» **TASK BRIEF**
What is needed is a verbatim copy of the data, minus the pictures.

» **EXERCISE DATA**
• • • • • • •
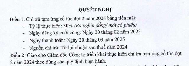Trước đó, Công ty đã tạm ứng cổ tức đợt 1/2024 theo tỷ lệ 20% (tương đương 2.000 đồng/cổ phiếu).
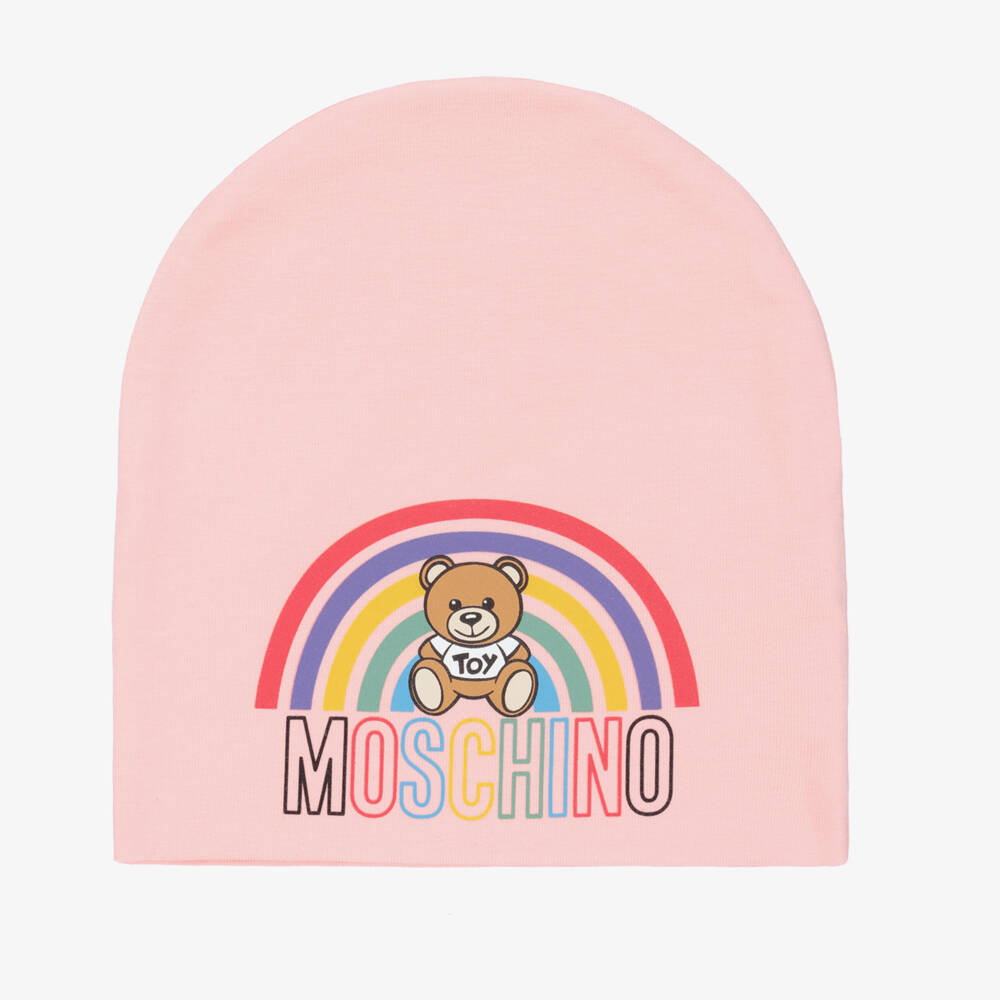Baby girls pink cotton jersey hat by Moschino Baby. Soft and stretchy, it has a colourful rainbow logo print with the designer's signature brown Teddy Bear.
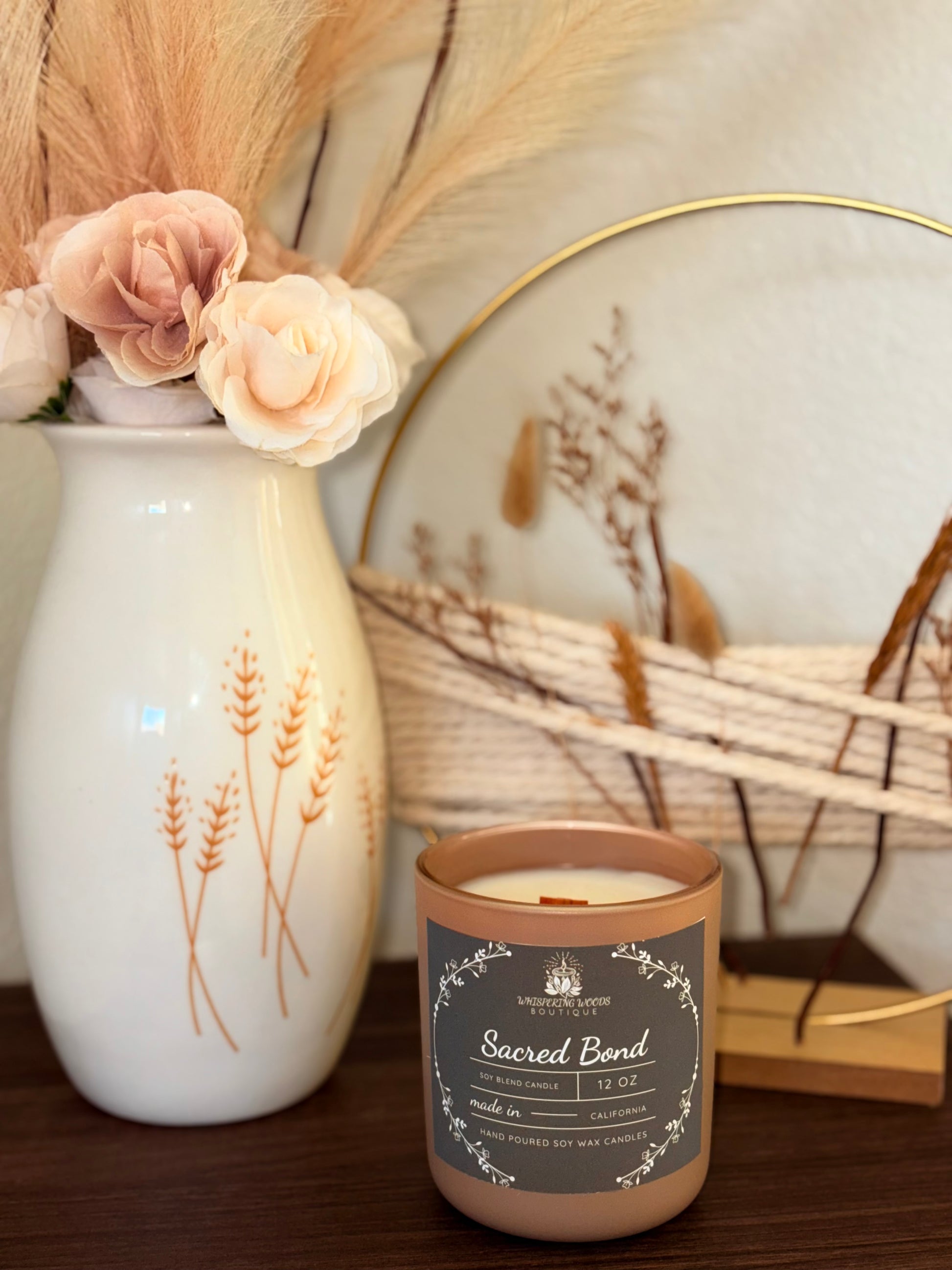 Ignite your senses with Sacred Bond, a bold and captivating blend of wood and sweet musk. This candle crackles with the raw intensity of burning embers, softened by the rich, golden glow of amber resin. Shadowed Flame burns deep, leaving behind a trail of mystery and warmth.
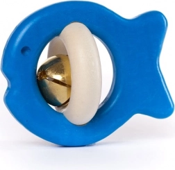 Deze hoogwaardige houten rammelaar in de vorm van een visje is gemaakt van natuurlijke materialen (hout en metaal) en voldoet aan alle Europese veiligheidsnormen. Dankzij de ergonomische vorm is hij gemakkelijk vast te houden, zelfs voor de allerkleinste handjes, en ideaal voor de eerste ontdekking van geluiden en texturen. Het geïntegreerde belletje is stevig bevestigd en klinkt aangenaam zacht.
• • • • • • •
» **FINISHED TASK**
Trước đó, Công ty đã tạm ứng cổ tức đợt 1/2024 theo tỷ lệ 20% (tương đương 2.000 đồng/cổ phiếu).
Baby girls pink cotton jersey hat by Moschino Baby. Soft and stretchy, it has a colourful rainbow logo print with the designer's signature brown Teddy Bear.
 Ignite your senses with Sacred Bond, a bold and captivating blend of wood and sweet musk. This candle crackles with the raw intensity of burning embers, softened by the rich, golden glow of amber resin. Shadowed Flame burns deep, leaving behind a trail of mystery and warmth.
 Deze hoogwaardige houten rammelaar in de vorm van een visje is gemaakt van natuurlijke materialen (hout en metaal) en voldoet aan alle Europese veiligheidsnormen. Dankzij de ergonomische vorm is hij gemakkelijk vast te houden, zelfs voor de allerkleinste handjes, en ideaal voor de eerste ontdekking van geluiden en texturen. Het geïntegreerde belletje is stevig bevestigd en klinkt aangenaam zacht.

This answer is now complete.